If it is a problem with Flash, make sure you have the non-free (Adobe) plugin, and not some crappy GNU alternative.

----------


## Replicon

It happened to me exactly once that sound was partially-broken all of a sudden. Like, playing music with the basic player was fine, but xmms complained about misconfigured drivers. I ran top, and saw a conspicuous-looking process (which turned out to be a runaway flash binary from firefox). After killing it, it just fixed itself. I forgot the name of the process.... "something-bin"  :smiley:

----------


## Ynot

> I forgot the name of the process.... "something-bin"



nswrapper-bin

netscape 32bit plugin wrapper
(because Adobe don't produce a 64bit flash plugin, it has to be wrapped in a 32bit "wrapper" for it to work on 64bit browsers)

flash is fucking shit, resource wise
and Adobe really isn't helping by restricting it to 32bit only

Gnash is coming along (youtube works without a hitch), but a lot of other flash video sites use an swf (video) within an swf (player) to prevent you from grabbing the video - this doesn't work in gnash so far

----------


## Replicon

Actually, it was npviewer.bin, but they're probably very much related.

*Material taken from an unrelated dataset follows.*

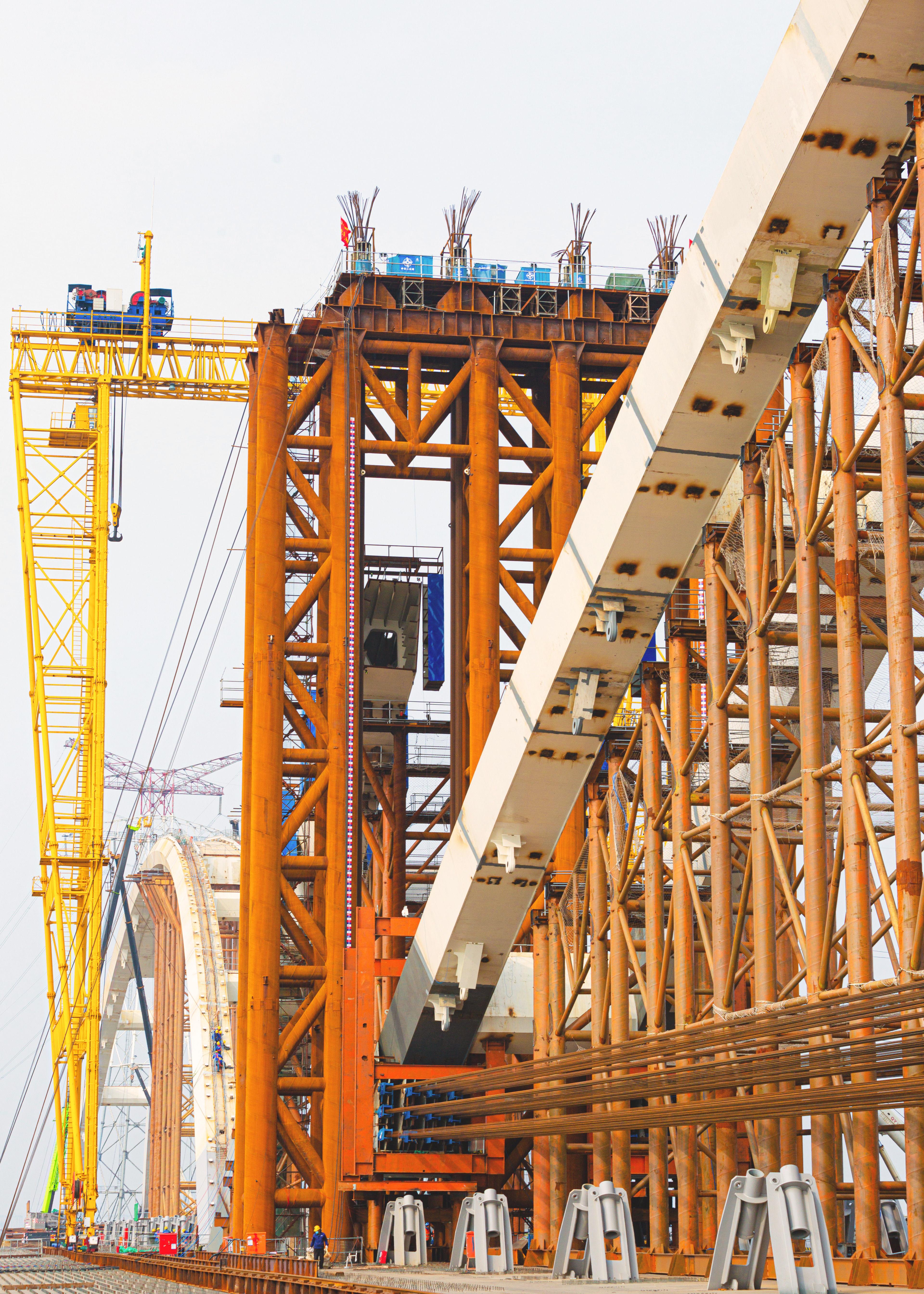 齐鲁黄河大桥主跨420米拱肋提升是整个主桥施工难度最高、风险最大的关键节点,其提升跨度为300米,提升重量达6800吨。在拱肋架设过程中,项目克服了超重构件吊装、拱肋节段安装精度控制等重大难题,自主研发了120吨大规模龙门吊进行超高拱肋节段架设作业,并且项目引入了龙门吊运行状态在线监测系统,实时监测门吊运行状态,确保施工安全;研发设计的自动化姿态调整吊具+三向千斤顶精调系统,实现拱肋节段位置毫米级误差安装。

edit: Oh, I hope youtube doesn't switch to swf-within-swf - I rather like my greasemonkey script to save videos (even though I have to change it every time youtube change their layout).

----------


## wasup

If anyone was wondering, I think I fixed it (at least for now) by switching all of the "sound playback" modes to another type.

----------


## Replicon

I'm finding FF3 is acting strange on youtube in general. Like, if I open a video in a tab, and then open one in another tab while the first one is loading, the first one will sometimes just go grey and die out.

----------